You don’t need to power-walk or break a sweat. A slow, casual stroll for 10 to 15 minutes is enough. Walk around your block. Walk laps in your living room. Walk around the office. Whatever you can do — just don’t sit on the couch and wait it out.

2. Try gentle yoga poses

Certain yoga poses are basically designed to physically squeeze gas out of your gut. They sound silly, but they really work. The two best ones for fast bloating relief:

Knees-to-chest pose (Apanasana, sometimes called “wind-relieving pose”). Lie on your back. Pull both knees up toward your chest and hold them with your hands. Gently rock side to side. Hold for 30–60 seconds. This puts direct pressure on your colon and helps move trapped gas.

Child’s Pose (Balasana). Kneel on the floor, sit back on your heels, fold forward, and rest your forehead on the floor with your arms stretched out in front. Take slow, deep breaths. The forward fold compresses your abdomen and helps release gas naturally.
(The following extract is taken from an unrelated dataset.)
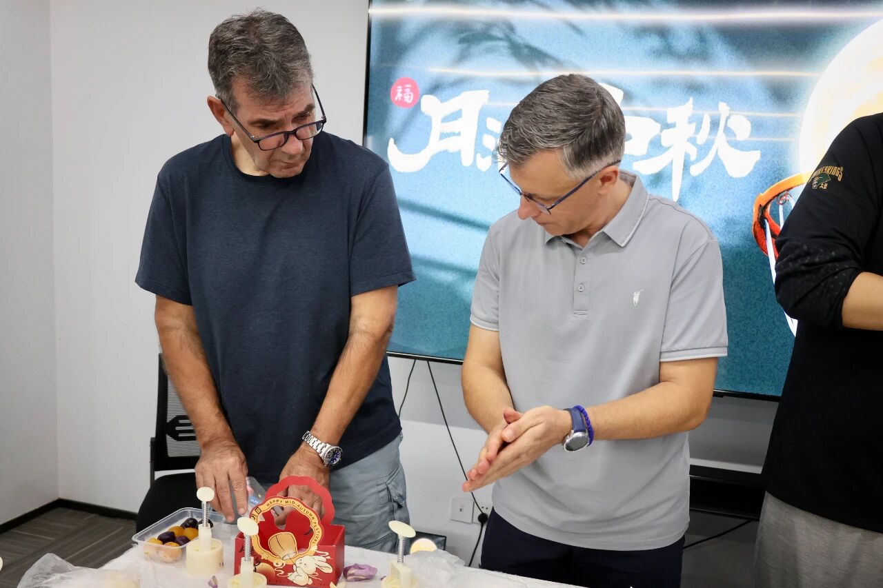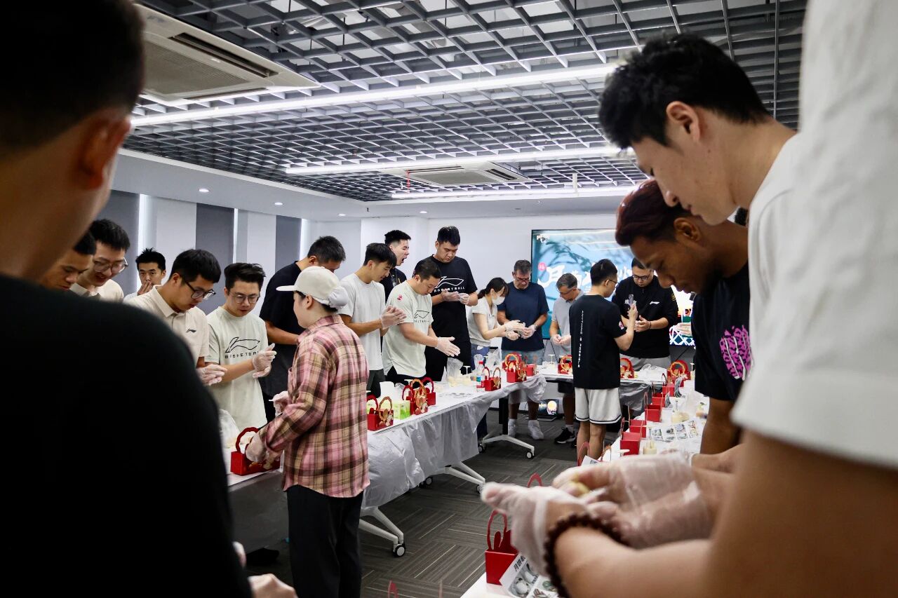 此外,在中秋佳节来临之际,南京同曦篮球俱乐部还特别组织了一场温馨的中秋主题活动。教练和球员们暂时从紧张的训练中抽身,齐聚一堂亲手制作月饼。

Both are zero-effort, can be done in pajamas on your bedroom floor, and often work within minutes. No yoga experience needed.

3. Massage your belly

This sounds spa-ish but it’s actually a real technique used by gastroenterologists and physical therapists for relieving gas and constipation. Here’s how to do it:

Lie on your back. Using the flat part of your fingers, gently massage your belly in a clockwise direction (this matches the natural direction of your large intestine). Start at the right side near your hip, move up toward your ribs, across your belly under your ribs, and down the left side. Make slow circles for about 5 minutes.

This physically helps move trapped gas and stool through your colon. People with chronic constipation use this technique daily to keep things moving. For acute bloating, it can give surprisingly fast relief.
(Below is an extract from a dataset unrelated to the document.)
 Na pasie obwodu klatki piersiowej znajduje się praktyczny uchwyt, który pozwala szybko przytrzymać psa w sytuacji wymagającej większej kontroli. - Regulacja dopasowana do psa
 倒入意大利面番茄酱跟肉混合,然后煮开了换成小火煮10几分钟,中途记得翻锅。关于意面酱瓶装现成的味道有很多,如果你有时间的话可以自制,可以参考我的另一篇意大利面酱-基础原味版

4. Drink peppermint tea (or take peppermint oil capsules)

Peppermint is one of the few “natural remedies” that actually has solid science behind it. It works by relaxing the smooth muscles of your digestive tract, which lets trapped gas pass through more easily. It’s been studied extensively for IBS, and it consistently outperforms placebo for bloating and gas.

You have two options:

  • Peppermint tea. Steep a peppermint tea bag in hot water for 5–10 minutes and sip slowly. The warmth itself helps relax your gut, and the menthol does the rest.
  • Enteric-coated peppermint oil capsules. These are stronger and more reliable than tea. The “enteric coating” means the capsule doesn’t dissolve until it reaches your small intestine, where it can do the most good. You can find them at most pharmacies for under $20.

One caveat: peppermint can make heartburn worse for some people because it relaxes the valve between your stomach and esophagus. If you tend to get reflux, try ginger or chamomile instead.

5. Try ginger

Ginger is the other natural remedy with real evidence behind it. Johns Hopkins specifically recommends it for reducing gas and bloating. It speeds up gastric emptying, which means food (and the gas it produces) moves through your stomach faster.

Easy ways to use it:

  • Grate fresh ginger into hot water, let it steep, and drink it as tea
  • Buy pre-made ginger tea bags
  • Chew a small piece of crystallized ginger
  • Take ginger capsules (250–500 mg)

Ginger is also one of the safest options on this list — it’s generally well tolerated even by people with sensitive stomachs.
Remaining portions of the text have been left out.